Morphological differentiation of hybrids of human mammary epithelial cell lines is dominant and correlates with the pattern of expression of intermediate filaments.

Author information

1
Imperial Cancer Research Fund, London, United Kingdom.

Abstract

Hybrids have been developed from two cell lines originally derived from human mammary epithelial cells. MTSV1-7 (hygro), developed from cultured milk epithelial cells, shows a cuboidal morphology, expresses high levels of keratins (but no vimentin), and forms ball-like three-dimensional structures in collagen gels. 5.3.1E (neo), derived from a cell cultured from tissue taken from a primary breast cancer, shows an elongated morphology, expresses high levels of vimentin and low levels of keratins, and does not form structures on collagen gels. An examination of the hybrids formed by fusion of MTSV1-7 cells and 5.3.1E cells showed that while all could form three-dimensional structures in collagen gels, the type of structures formed resembled either ductal or alveolar-ball-like structures depending on the individual hybrid. Nine hybrids were examined and a clear correlation was observed between cell shape as seen on plastic, intermediate filament expression, and the form of the structures as seen in collagen gels.
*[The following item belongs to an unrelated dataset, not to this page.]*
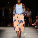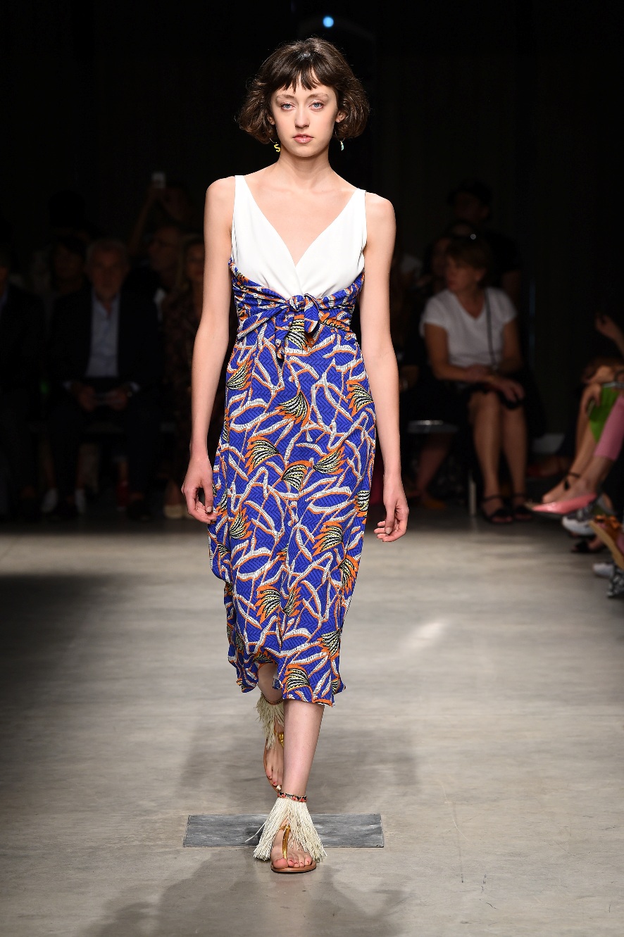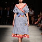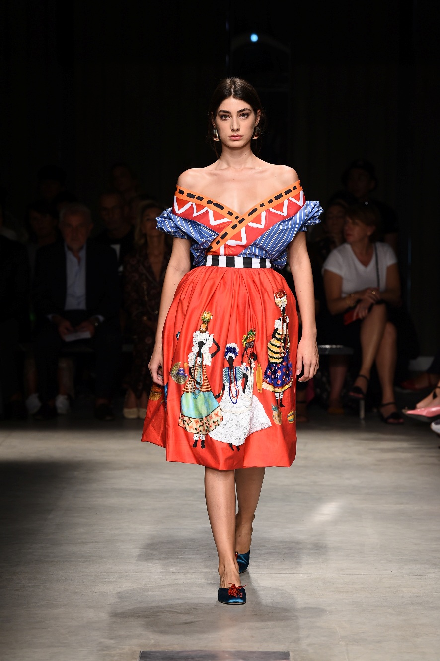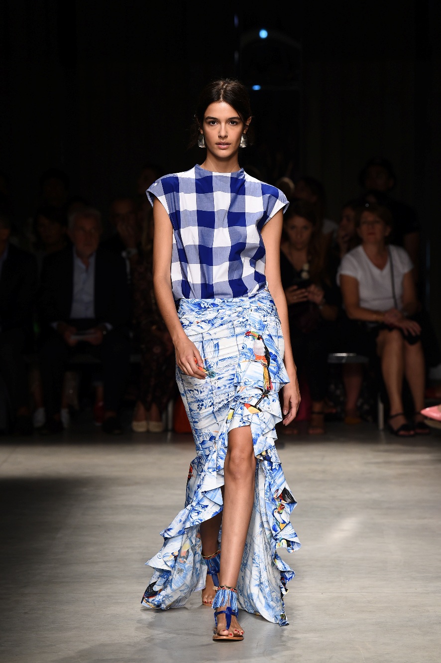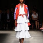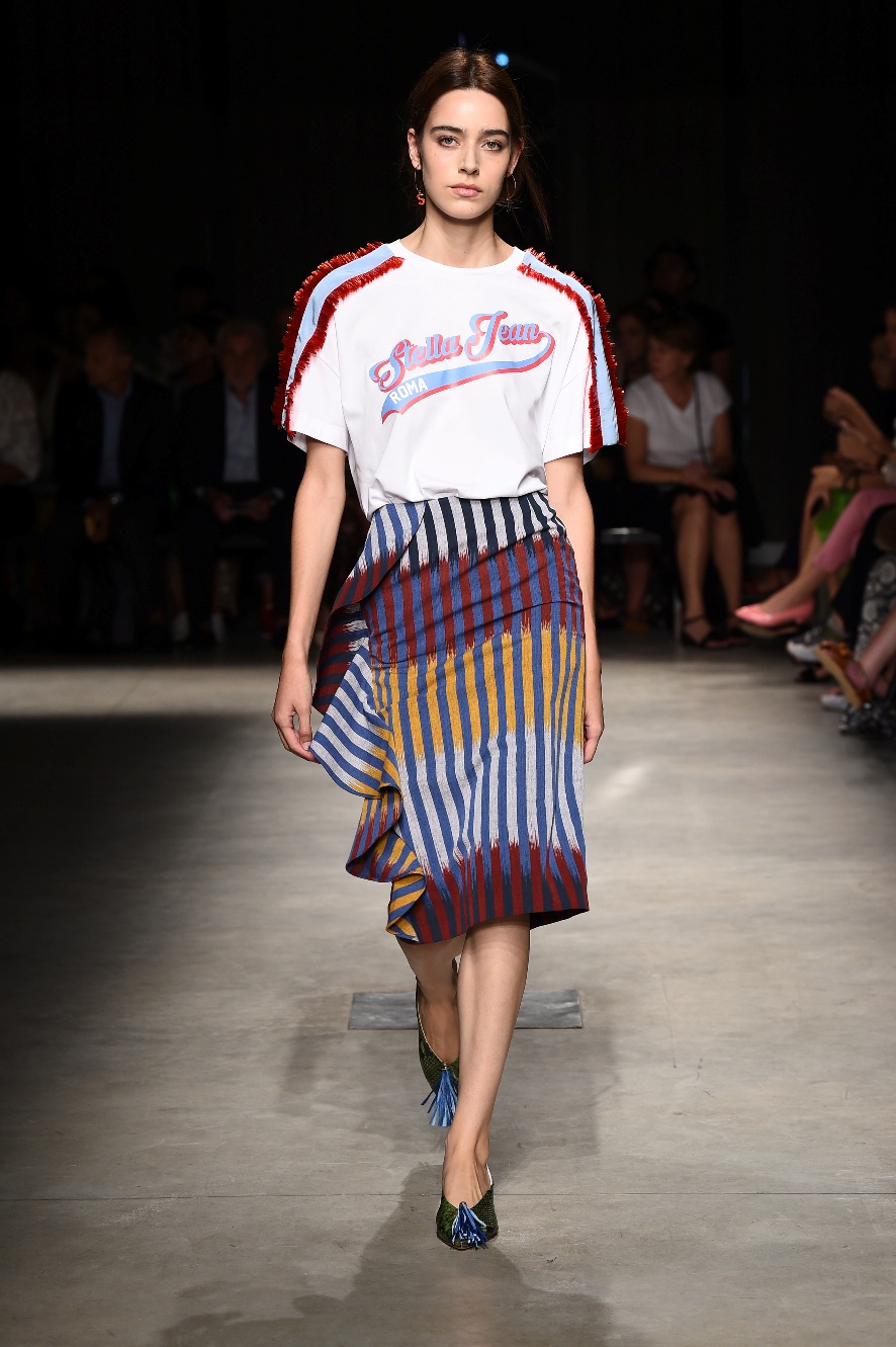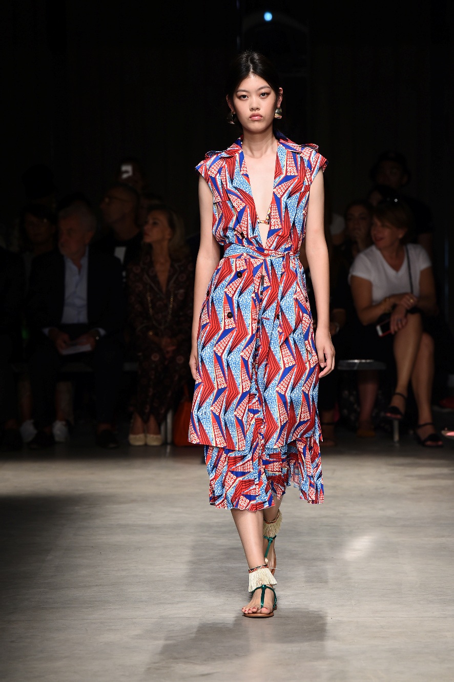 Attraverso il suo viaggio dal Benin al Brasile Stella Jean ha costruito una collezione lineare, coerente, fresca, giovanile, colorata, e come sempre multietnica dove si mescolano, in uno stesso capo, suggestioni e memorie di Paesi diversi, o si evidenziano i legami ancora vivi dopo secoli con la lontana terra di origine degli africani del Brasile. Troviamo così le gonne a balze tipiche di Bahia, completate dalle camicie di cotone -sempre presenti nelle sue collezioni- di taglio maschile, dalle maniche esagerate. I motivi degli azulejos portoghesi (piastrelle di ceramica con superficie smaltata, nella forma più antica, in blu), arricchiti da colorati pappagalli, sono stampati in colore azzurro su gonna di linea sirena completata da un top a quadri bianco e blu, un abitino corto, un completo –gonna plissettata e camicia morbida con piccolo collo a scialle e fiocco-; talvolta gli abiti hanno bordo a contrasto animalier. Il cotone bianco del Benin è impreziosito da due pappagalli coloratissimi ricamati/dipinti sulle voluminose maniche a sbuffo di una camicetta indossata con una gomma maxi. Ritroviamo il bianco nel lungo abito con un esagerato pappagallo ricamato su un fianco per tutta la lunghezza dell’abito. Accanto agli abiti decorati con scene di donne vestite con abiti di Bahia dipinti a mano e ricamati – come nell’abito bustier rosso e sulla voluminosa gonna rossa portata con un sopra singolare, composto da un largo nastro a motivi geometrici che si intreccia sul davanti e lascia le spalle scoperte, mentre un residuo di manica utilizza cotone a righe-, trovano posto le stampe optical; ed anche il pizzo sangallo nell’abito a balze con giacca rossa e in quello dalle spalle scoperte decorato da nastri con motivi geometrici. Interessante l’interpretazione del classico tranch in una versione moderna e allegra in tessuto a righe di colori diversi.

All the hybrids resembling the parent MTSV1-7 cells by showing a cuboidal morphology and high level of keratin expression formed ball-like structures; on the other hand, hybrids resembling 5.3.1E by showing an elongated morphology and a high level of vimentin expression formed duct-like structures in collagen gels. The results show that the ability to form structures in collagen gels was inherited in a dominant fashion from the MTSV1-7 parent. They also suggest that the profile of intermediate filament expression in the hybrids may influence both cell shape on plastic and the morphology of the three-dimensional structures formed in collagen gels.

PMID:
1709103
DOI:
10.1016/0014-4827(91)90364-z
[Indexed for MEDLINE]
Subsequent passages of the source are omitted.